Recombinant Human TRIM27 Protein, also known as Tripartite Motif Containing 27, is a protein that plays a crucial role in the regulation of various cellular processes. It is a member of the tripartite motif (TRIM) family, which is characterized by a conserved domain structure consisting of a RING finger, one or two B-box domains, and a coiled-coil region. The TRIM family is involved in a wide range of cellular functions, including protein degradation, transcriptional regulation, and antiviral defense. In this article, we will discuss the structure, activity, and applications of Recombinant Human TRIM27 Protein.

Structure of Recombinant Human TRIM27 Protein

Recombinant Human TRIM27 Protein is a 61 kDa protein consisting of 535 amino acids. It is composed of four distinct domains: a RING finger domain, two B-box domains, a coiled-coil domain, and a C-terminal PRY/SPRY domain. The RING finger domain is responsible for E3 ubiquitin ligase activity, which is essential for protein degradation and regulation of cellular processes. The B-box domains are involved in protein-protein interactions, while the coiled-coil domain is responsible for the formation of homodimers or heterodimers with other TRIM family members. The C-terminal PRY/SPRY domain is involved in protein-protein interactions and has been linked to the regulation of innate immune signaling.

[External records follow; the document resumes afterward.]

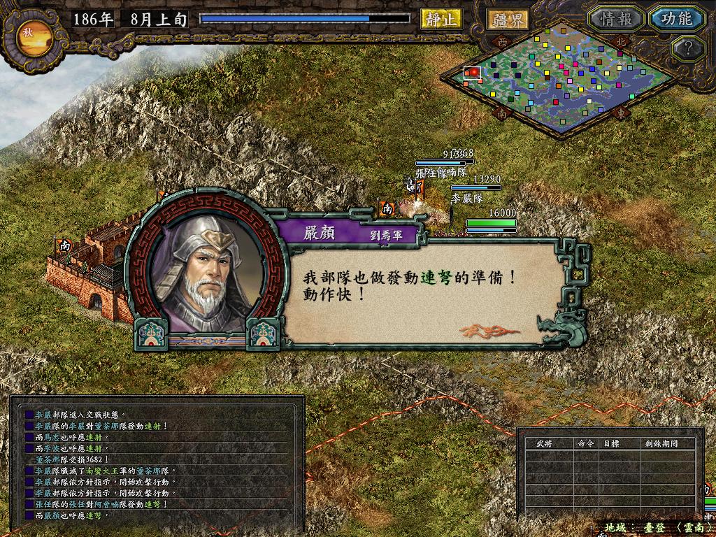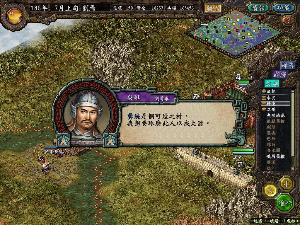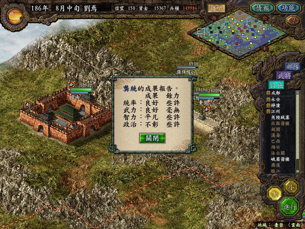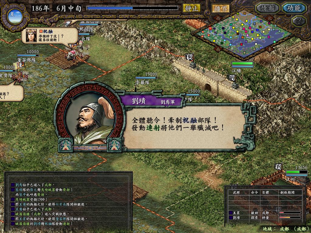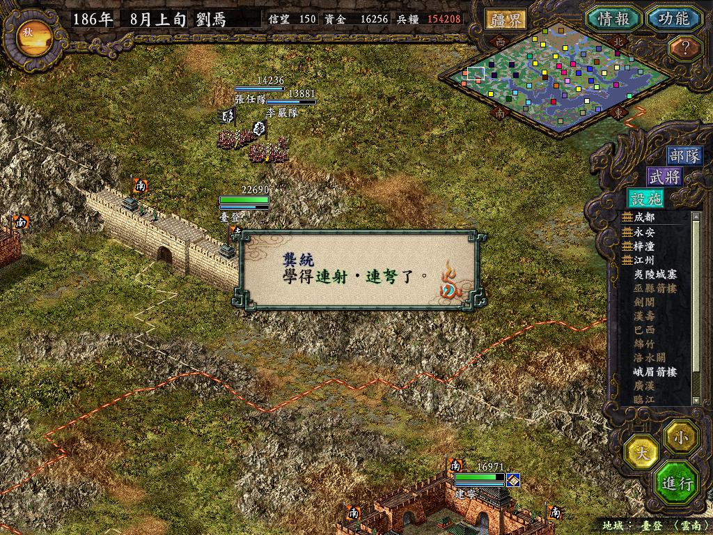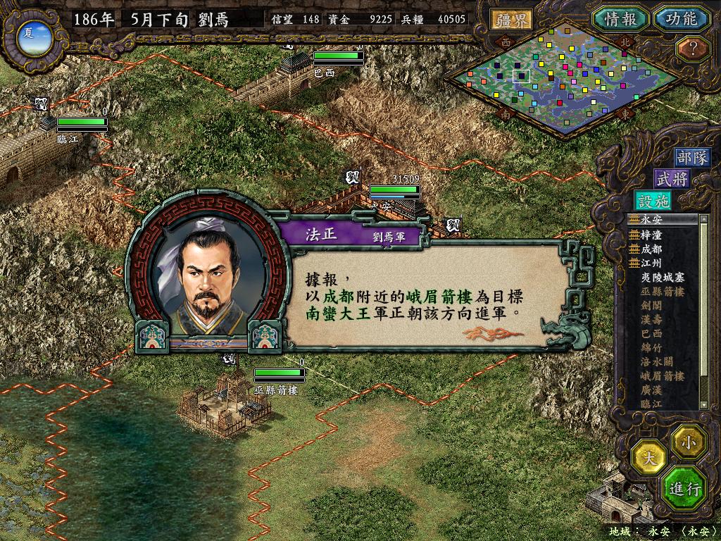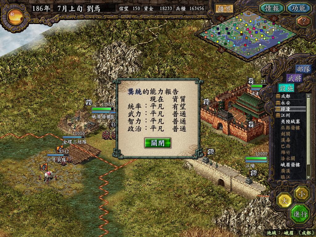 一番苦战之后,张任部只剩余6千余人,但永安也只有了1万6千多人,另一边法正部估计难逃被歼灭的下场(没有一个地方可以救援成功他们,郁闷),不管他,准备让黄权带兵1万7千人,从水路进攻巫县!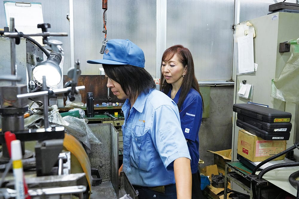 20年前、父の急逝により、思いがけずダイヤ精機を引き継ぐことになった諏訪貴子社長。会社存続のため、若手の採用と働きやすい環境づくりに注力していった結果かつては高齢化が進んでいたが、いまや20~30代の社員が半数以上を占める。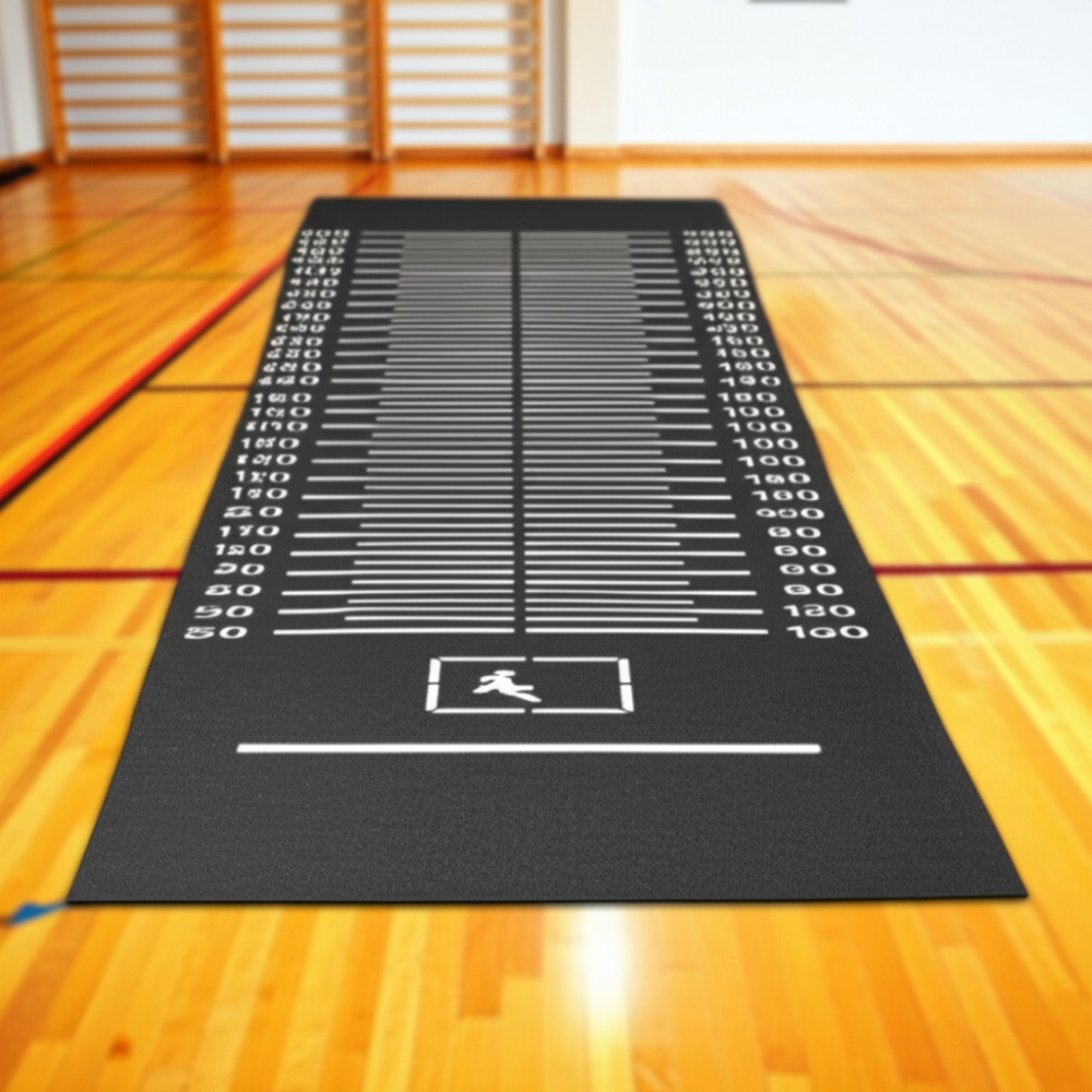 Профессиональная дорожка для прыжков в длину с места. Материал: износостойкий вулканизированный каучук. Размер: 350х125 см. Толщина: 8 мм для улучшенной амортизации. Разметка: 100-300 см с шагом 5 см для точного соответствия нормативам ГТО. Разработана для интенсивного использования в школах, спортивных секциях и центрах тестирования.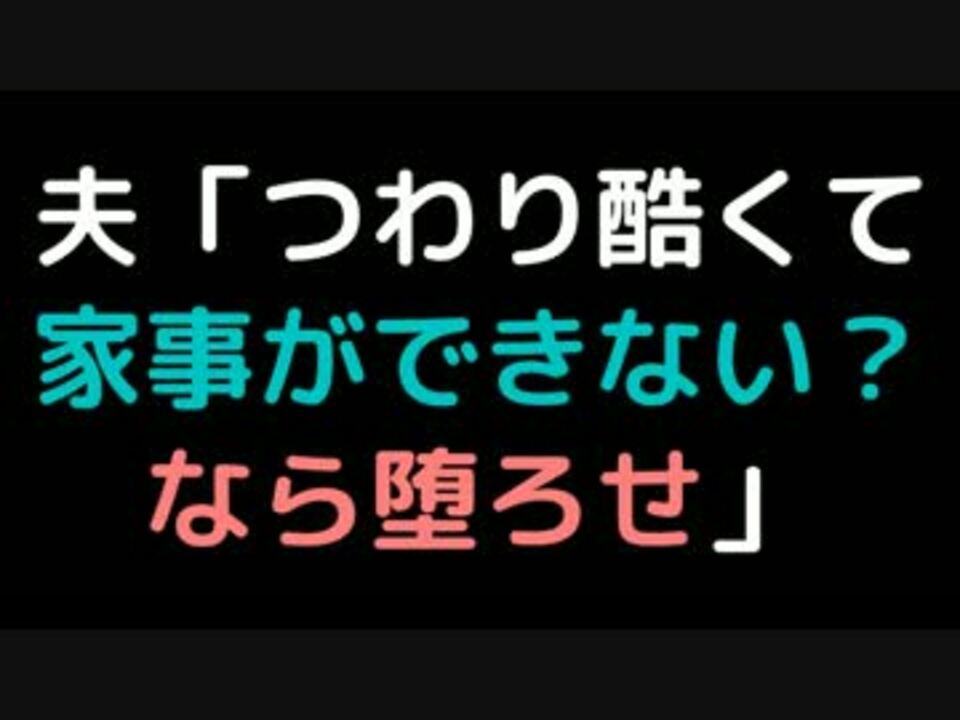 素晴らしいく思いやりに満ち満ちた夫さんですね!<br />やんごとなさすぎて絶対に関わりたくないですよ(;^ω^)<br /><br />一家の大黒柱として水を沸かすことすら無礼と<br />いやぁ今の時代に珍しい傑物ですなぁ(^^)<br /><br /><br />次作 【他人に厳しく自分に激甘。説教大好き人間の末路】:<a href="https://www.nicovideo.jp/watch/sm29107543" class="watch">sm29107543</a><br /><br />【謝罪してきた浮気嫁と再構築。したら裏でずっと浮気してやがったwww】:<a href="https://www.nicovideo.jp/watch/sm29101415" class="watch">sm29101415</a><br />【授業参観でA母宣言「うちの子が虐められてます!」】:<a href="https://www.nicovideo.jp/watch/sm29100742" class="watch">sm29100742</a><br />【新しくグループに入ってきた性悪(私ちゃんハブろー^^)】:<a href="https://www.nicovideo.jp/watch/sm29095374" class="watch">sm29095374</a><br /><br /><br />ツイッター始めました( ^ω^):<a href="https://twitter.com/kijo38" target="_blank" rel="noopener nofollow">https://twitter.com/kijo38</a><br /><br /><br />こぴぺ系投稿動画まとめ・BGM詳細:<a href="https://www.nicovideo.jp/mylist/32575780" target="_blank" rel="noopener">mylist/32575780</a> その6:<a href="https://www.nicovideo.jp/mylist/55864512" target="_blank" rel="noopener">mylist/55864512</a><br /><br />

Activity of Recombinant Human TRIM27 Protein

Recombinant Human TRIM27 Protein has been shown to have multiple activities in various cellular processes. One of its main functions is the regulation of protein degradation through the E3 ubiquitin ligase activity of its RING finger domain. This activity allows TRIM27 to target specific proteins for degradation, thereby regulating their levels and functions in the cell. Additionally, TRIM27 has been shown to play a role in transcriptional regulation by interacting with transcription factors and modulating their activity.

Moreover, Recombinant Human TRIM27 Protein has been linked to the regulation of innate immune signaling. The PRY/SPRY domain of TRIM27 has been shown to interact with viral proteins and activate the innate immune response, leading to the production of antiviral cytokines. This activity of TRIM27 is crucial in the defense against viral infections.

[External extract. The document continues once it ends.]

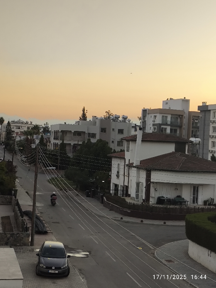 The image depicts an urban street scene in Nicosia, Northern Cyprus / Cyprus, captured at 16:44 on November 17, 2025. The sky exhibits a sunset gradient, transitioning from a warm yellow-orange at the horizon to a paler beige overhead, with a small, dark speck visible in the upper right quadrant. In the foreground, a dark grey Volkswagen Golf (license plate GY 032) is parked on the left side of a paved area that meets a road. The road, appearing to be asphalt, slopes slightly uphill and curves to the right, extending into the mid-ground. A single individual on a dark-colored scooter with a white top box is observed in motion on the road, heading away from the viewer. Overhead, numerous white utility wires are strung across the scene, connected to a wooden utility pole positioned on the left side of the road. To the right of the road, a low stone wall supports a dark green hedge. Beyond the hedge, a two-story residence with white walls and a reddish-brown tiled roof features multiple windows with white shutters and an outdoor patio set. Behind this, another white building with a similar tiled roof and a prominent chimney is visible. The mid-ground and background are dominated by a mix of residential structures. These include several multi-story apartment buildings, predominantly white or light grey, featuring balconies and numerous windows. Many of these buildings have solar water heaters installed on their rooftops. Green foliage from trees and bushes is interspersed among the buildings and along the street. Distant, hazy landforms are visible on the horizon beneath the sunset sky.

Applications of Recombinant Human TRIM27 Protein

Due to its diverse activities, Recombinant Human TRIM27 Protein has various potential applications in both research and therapeutics. Its role in protein degradation makes it a valuable tool for studying the regulation of cellular processes. Researchers can use Recombinant Human TRIM27 Protein to target specific proteins for degradation and study the effects on cellular functions.

Moreover, the innate immune signaling activity of TRIM27 makes it a potential target for antiviral therapeutics. By activating the innate immune response, Recombinant Human TRIM27 Protein can help in the defense against viral infections. This activity can also be utilized in the development of vaccines against viral diseases.

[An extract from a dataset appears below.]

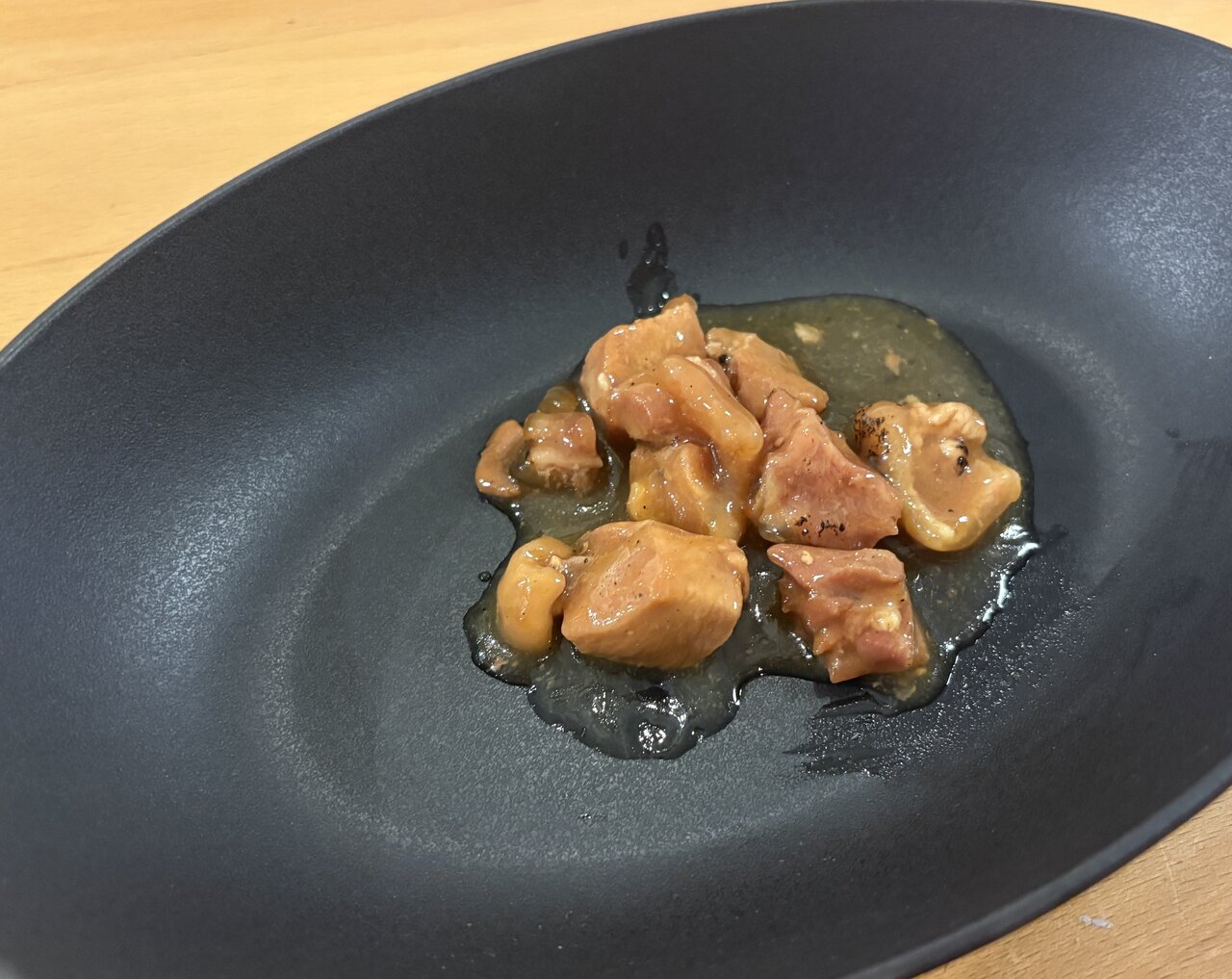 タレや油分が広がると皿の黒に溶け込むように見え、やや重たい印象になる場面もありました。見え方の変化が大きい分、好みが分かれる部分になりそうです。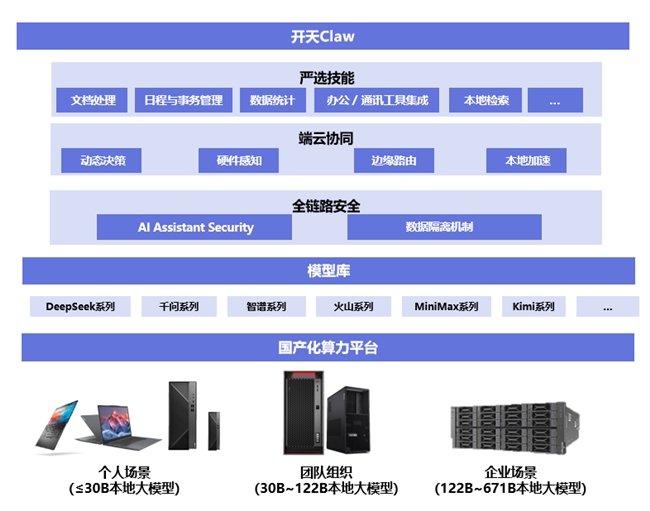 不久前,联想开天率先在开天X7h笔记本上成功跑通OpenClaw及国产类OpenClaw AI Agent本地部署,依托国产“CPU + NPU + GPU”本地异构算力,结合独家上下文压缩技术与安全隔离机制,为政企用户打造了一套兼具任务执行力、极致安全与简易部署的端侧AI办公方案,推动信创PC实现从“生产力工具”向“智能体载体”的关键跃迁。这一成功突破也有效化解信创AI智能体落地的安全难题,与国家“人工智能+”战略及新质生产力建设目标高度契合,为国产科技产业的高质量发展注入新动能。

Additionally, the interaction of TRIM27 with transcription factors makes it a potential target for the treatment of diseases related to transcriptional dysregulation, such as cancer. By modulating the activity of these transcription factors, Recombinant Human TRIM27 Protein can potentially regulate the expression of genes involved in cancer progression.

Conclusion

In summary, Recombinant Human TRIM27 Protein is a multifunctional protein with diverse activities in various cellular processes. Its structure, consisting of a RING finger domain, two B-box domains, a coiled-coil domain, and a C-terminal PRY/SPRY domain, allows it to perform its functions effectively. Recombinant Human TRIM27 Protein has potential applications in research and therapeutics, making it a valuable tool in the scientific community. Further studies on this protein may uncover more functions and potential applications, making it an exciting area of research.